I have an R dataframe whith 2 fields:
ID WORD
1 AAAAABBBBB
2 ABCAAABBBDDD
3 ...
I'd like to simplify the words with repeating letters by keeping only the letter and not the duplicates in a repetition:
e.g.: AAAAABBBBB
should give me AB
and ABCAAABBBDDD
should give me ABCABD
Anyone has an idea on how to do this?
Here's a solution with regex:
x <- c('AAAAABBBBB', 'ABCAAABBBDDD')
gsub("([A-Za-z])\\1+","\\1",x)
EDIT: By request, some benchmarking. I added Matthew Lundberg's pattern in the comment, matching any character. It appears that gsub
is faster by an order of magnitude, and matching any character is faster than matching letters.
library(microbenchmark)
set.seed(1)
##create sample dataset
x <- apply(
replicate(100,sample(c(LETTERS[1:3],""),10,replace=TRUE))
,2,paste0,collapse="")
##benchmark
xm <- microbenchmark(
SAPPLY = sapply(strsplit(x, ''), function(x) paste0(rle(x)$values, collapse=''))
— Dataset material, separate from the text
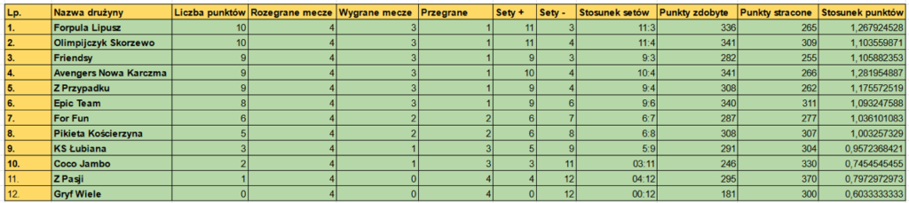 Nasza drużyna siatkarska rozegrała kolejne dwa mecze w ramach Powiatowej Amatorskiej Ligi Drużyn Mieszanych w Kościerzynie. Najpierw, 26 października, po zaciętej walce ulegliśmy ekipie Epic Team 2:3, aby w kolejnym meczu, 9 listopada, pokonać Pikietę Kościerzyna 3:0. Była to spora niespodzianka, bo Pikieta była faworytem tego meczu.

,GSUB.LETTER = gsub("([A-Za-z])\\1+","\\1",x)
,GSUB.ANY = gsub("(.)\\1+","\\1",x)
)
##print results
print(xm)
# Unit: milliseconds
# expr min lq median uq max
# 1 GSUB.ANY 1.433873 1.509215 1.562193 1.664664 3.324195
# 2 GSUB.LETTER 1.940916 2.059521 2.108831 2.227435 3.118152
# 3 SAPPLY 64.786782 67.519976 68.929285 71.164052 77.261952
##boxplot of times
boxplot(xm)
##plot with ggplot2
library(ggplot2)
qplot(y=time, data=xm, colour=expr) + scale_y_log10()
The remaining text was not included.